INFORMATION SHOWN below:

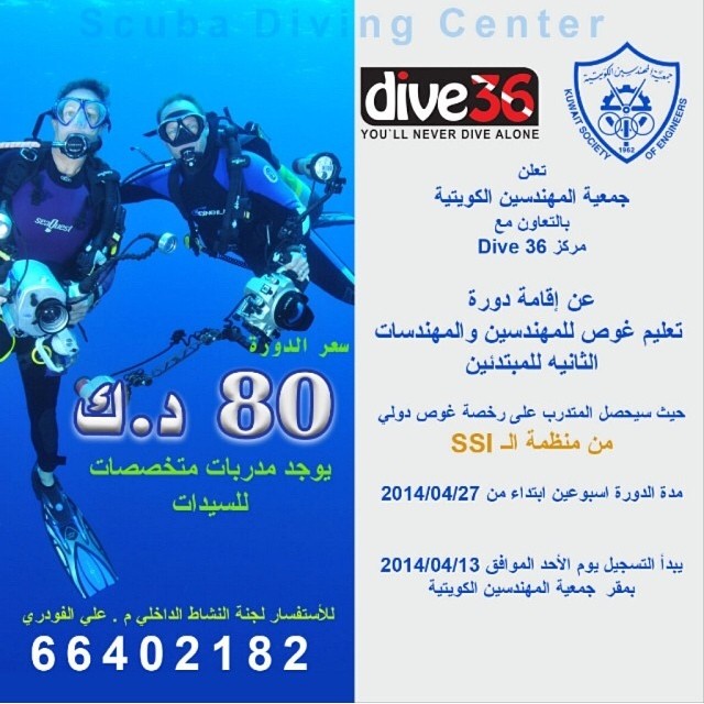 تعلن جمعية المهندسين الكويتية بالتعاون مع مركز Dive 36 21/04/2014 العروض و الخصومات Tags: جمعية المهندسين الكويتيةمركز التدريب Share 1
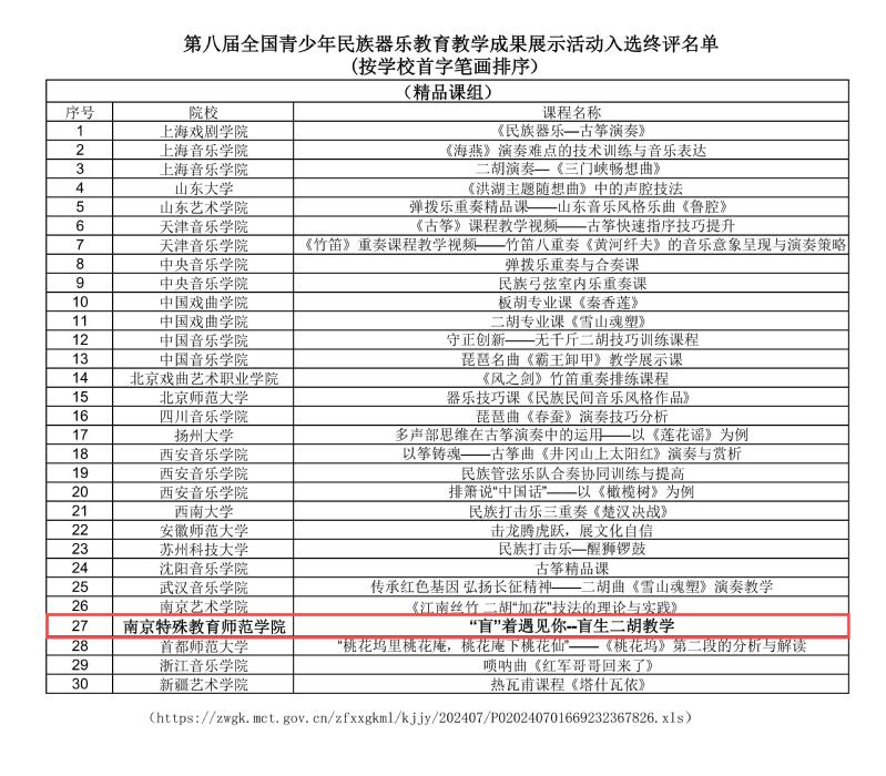 2024年8月19日,“茉莉花开·第八届全国青少年民族器乐公司产品成果现场展示活动”在南京拉开帷幕。BETVLCTOR伟德国际1946音乐治疗系主任段冀州博士的教师精品课“‘盲着遇见你’—盲生二胡教学”成功入围此次全国终评展演,并于8月21日下午在南京艺术公司音乐公司演奏厅进行现场展演。
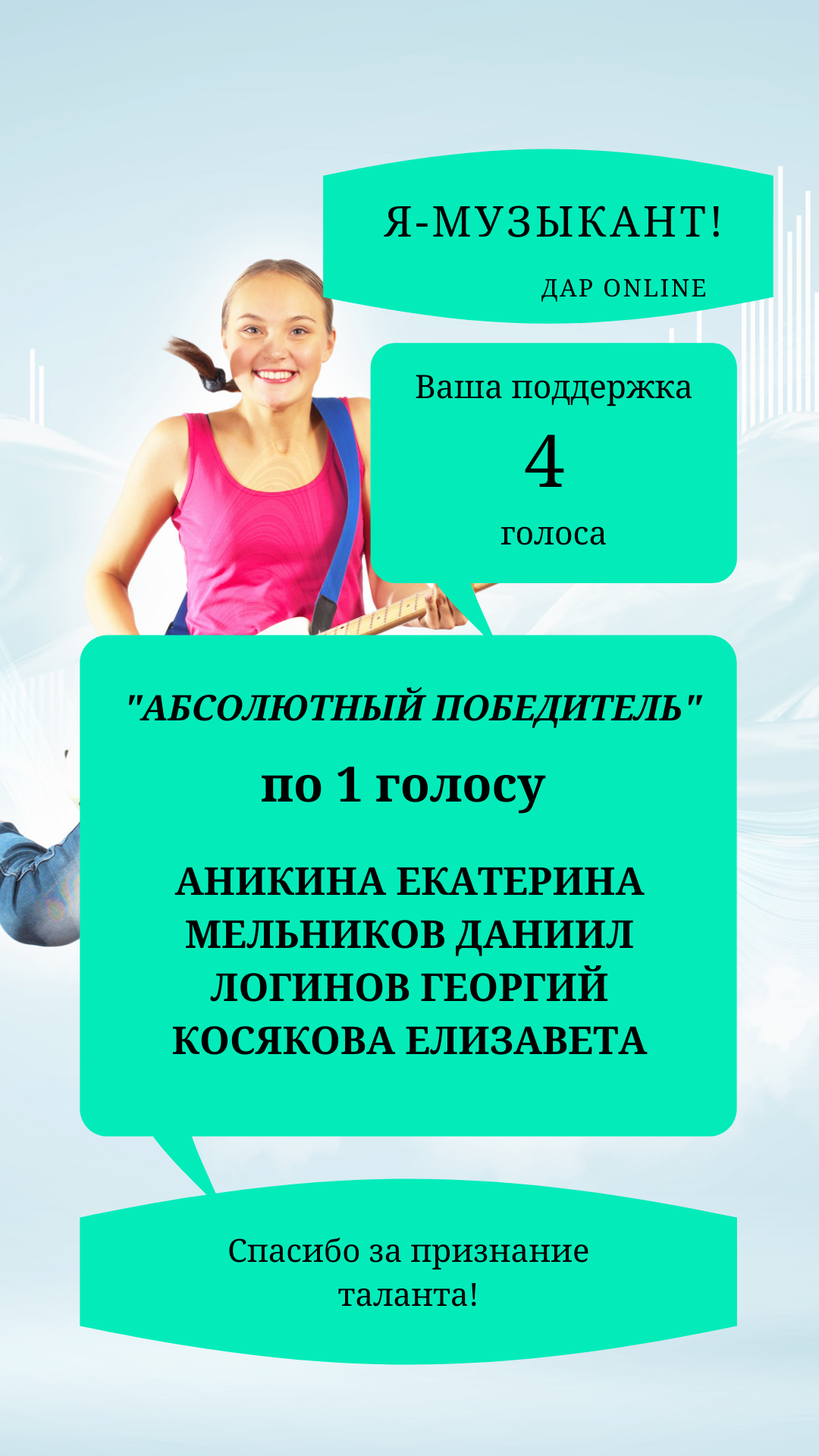 Номинация «Я – МУЗЫКАНТ» представлена ГАЧЕГОВОЙ АННОЙ из Ростовской области.

End of INFORMATION SHOWN.

All of the data is to be returned exactly, with no pictures included.

> **PROBLEM SOLUTION**:
 تعلن جمعية المهندسين الكويتية بالتعاون مع مركز Dive 36 21/04/2014 العروض و الخصومات Tags: جمعية المهندسين الكويتيةمركز التدريب Share 1
 2024年8月19日,“茉莉花开·第八届全国青少年民族器乐公司产品成果现场展示活动”在南京拉开帷幕。BETVLCTOR伟德国际1946音乐治疗系主任段冀州博士的教师精品课“‘盲着遇见你’—盲生二胡教学”成功入围此次全国终评展演,并于8月21日下午在南京艺术公司音乐公司演奏厅进行现场展演。
 Номинация «Я – МУЗЫКАНТ» представлена ГАЧЕГОВОЙ АННОЙ из Ростовской области.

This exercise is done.